• [Exercise description]
Word for word, return each entry that follows, with every image removed.

** Opening Source data block **

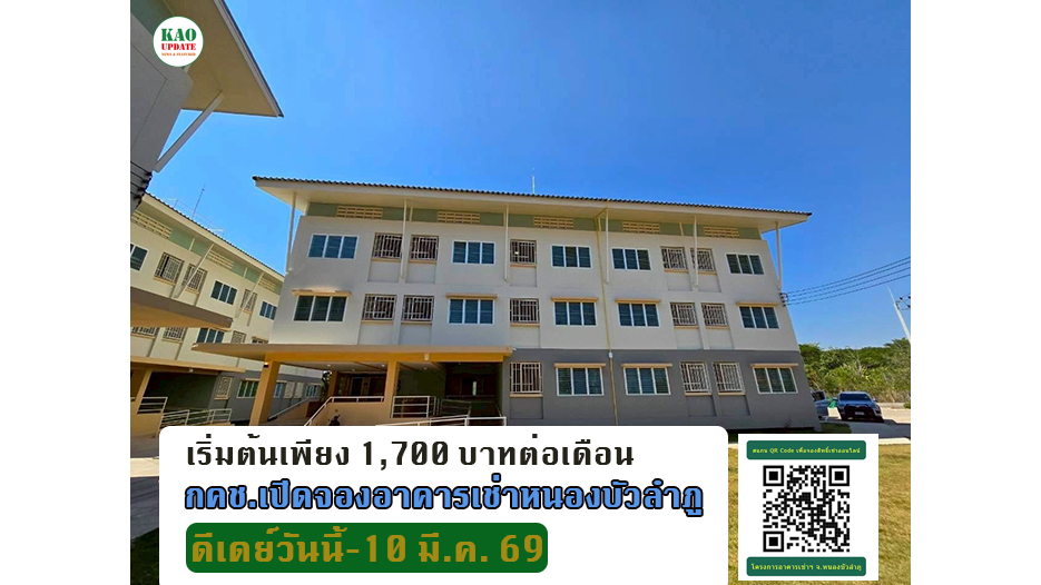การเคหะแห่งชาติ (กคช.) เชิญชวนประชาชนในจังหวัดหนองบัวลำภูและพื้นที่ใกล้เคียงที่กำลังมองหาที่อยู่อาศัยในราคาที่เหมาะสม เข้าร่วมโครงการอาคารเช่าพักอาศัย จังหวัดหนองบัวลำภู เริ่มเปิดให้ลงทะเบียนจองสิทธิแล้วตั้งแต่วันนี้ถึงวันที่ 10 มีนาคม 2569 ผ่านระบบออนไลน์หรือสแกน QR Code
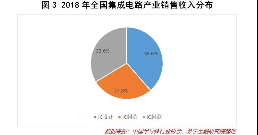 其中,IC設(shè)計(jì)、制造和封測三足鼎立。IC設(shè)計(jì)為2519.3億元,占比38.6%;IC制造為1818.2億元,占比27.8%;IC封測為2193.9億元,占比33.6%(參見圖3)。
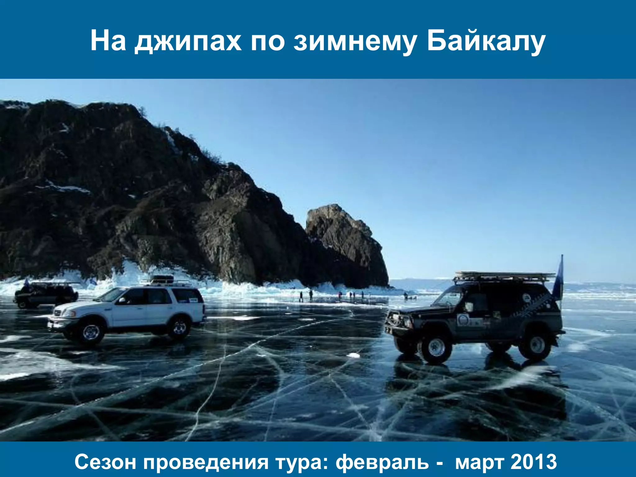 Документ описывает зимние туры по Байкалу, включая экскурсии на джипах и посещение достопримечательностей, таких как кругобайкальская железная дорога и остров Ольхон. Программа тура охватывает пять дней и включает различные активности, размещение в гостиницах и питание. Тур рассчитан на группу до 10 человек с возможностью организации дополнительных услуг, таких как ледяная баня и подледная рыбалка.
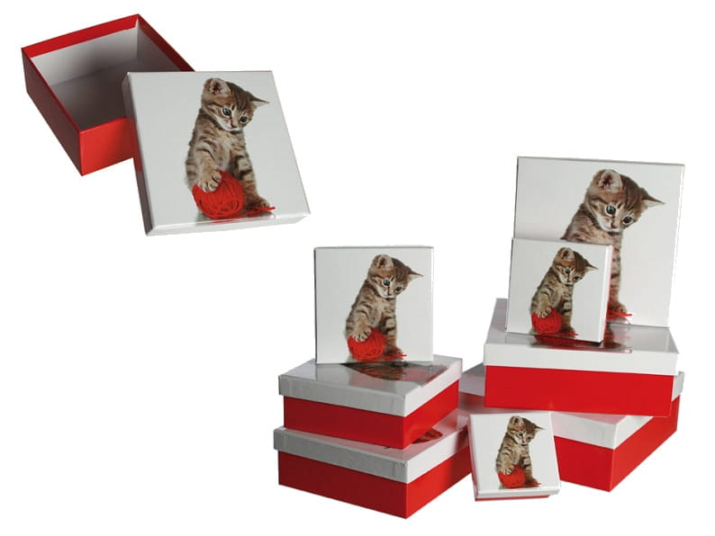 Zestaw ośmiu dekoracyjnych pudełek prezentowych zdobionych grafiką kota.
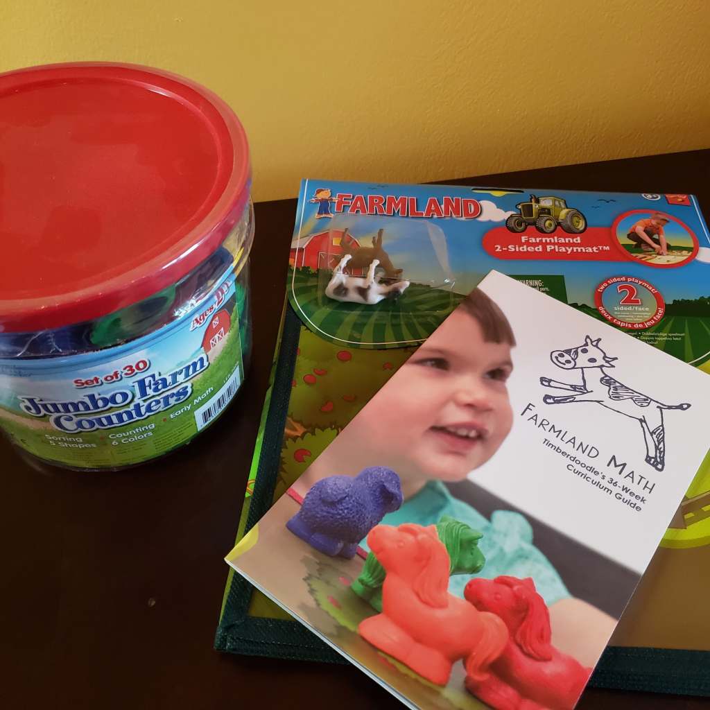 The Farmland Math Mat Bundle is a combination of resources. It’s a tub of counters, a large play mat, and then a guided manual that takes parents and students through 36 weeks of hands-on math activities. It’s suitable for ages 2+, but I reviewed it with my 3-year-old instead of my 2-year-old.

** Closing Source data block **

• [Solution to the problem]
การเคหะแห่งชาติ (กคช.) เชิญชวนประชาชนในจังหวัดหนองบัวลำภูและพื้นที่ใกล้เคียงที่กำลังมองหาที่อยู่อาศัยในราคาที่เหมาะสม เข้าร่วมโครงการอาคารเช่าพักอาศัย จังหวัดหนองบัวลำภู เริ่มเปิดให้ลงทะเบียนจองสิทธิแล้วตั้งแต่วันนี้ถึงวันที่ 10 มีนาคม 2569 ผ่านระบบออนไลน์หรือสแกน QR Code
 其中,IC設(shè)計(jì)、制造和封測三足鼎立。IC設(shè)計(jì)為2519.3億元,占比38.6%;IC制造為1818.2億元,占比27.8%;IC封測為2193.9億元,占比33.6%(參見圖3)。
 Документ описывает зимние туры по Байкалу, включая экскурсии на джипах и посещение достопримечательностей, таких как кругобайкальская железная дорога и остров Ольхон. Программа тура охватывает пять дней и включает различные активности, размещение в гостиницах и питание. Тур рассчитан на группу до 10 человек с возможностью организации дополнительных услуг, таких как ледяная баня и подледная рыбалка.
 Zestaw ośmiu dekoracyjnych pudełek prezentowych zdobionych grafiką kota.
 The Farmland Math Mat Bundle is a combination of resources. It’s a tub of counters, a large play mat, and then a guided manual that takes parents and students through 36 weeks of hands-on math activities. It’s suitable for ages 2+, but I reviewed it with my 3-year-old instead of my 2-year-old.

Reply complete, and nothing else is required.